For details, please seek the counsel of an experienced local consultant or attorney. Note 2 - Subsequent Changes: Changes in the enterprise’s registered information are only effective upon the approval of the registration authorities. If a Foreign Invested Enterprise wishes to move to a new site, shift production, increase, decrease or transfer its Registered Capital, extend the term of the Joint Venture Contract, etc., Chinese foreign investment law requires that the enterprise immediately register these changes with the local office of the State Administration of Industry & Commerce. If any of the information on the Business License changes (such as change of identity of the Chairman of the Board of Directors or the General Manager), these changes must be immediately registered and the Business License must be amended. Note 3: Additional Procedures: The above list of procedures is not necessarily exhaustive – additional procedures may be required depending on your industry, your locality, the nature of your project, etc. An example is registration procedures required for being admitted to an industrial park (if your project wishes to be located in one), which vary somewhat from park to park. Startup procedures for a WFOE are generally the same as those for establishing Joint Ventures, except that in a Wholly Foreign Owned Enterprise, Chinese foreign investment law requires that an authorized agent be entrusted to submit the application and approval documents in lieu of a Chinese partner using a Letter of Entrustment issued by the foreign investor (an agent must be a Chinese individual or entity, but could include lawyers and corporate registration services). The authorized agent performs the functions that the Chinese partner in a Joint Venture performs with respect to the examination and approval process. For example, the agent must submit the Project Proposal with a Letter of Entrustment instead of a Letter of Intent.
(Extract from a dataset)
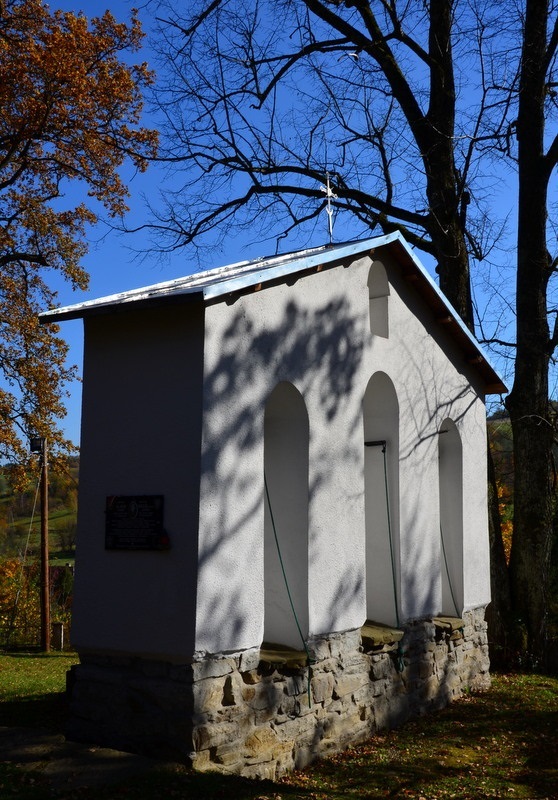 Posadowiona jest na kamiennej podmurówce, jest otynkowana, trójarkadowa z zawieszonymi dzwonami i nakryta dwuspadowym dachem krytym blachą i zwieńczonym niewielkim metalowym krzyżem.

A simple rule of thumb for converting this website’s instructions on establishing a Joint Venture to establishing a Wholly Foreign Owned Enterprise is that wherever the instructions require the use of a Joint Venture contract, a Wholly Foreign Owned Enterprise may use its Letter of Entrustment, and where the instructions require the Chinese partner to submit its own information, this information is omitted from the requirements. A Shareholders’ Agreement may be required at the project approval stage if there is more than one foreign investor; however, it may be governed by foreign law. THE END.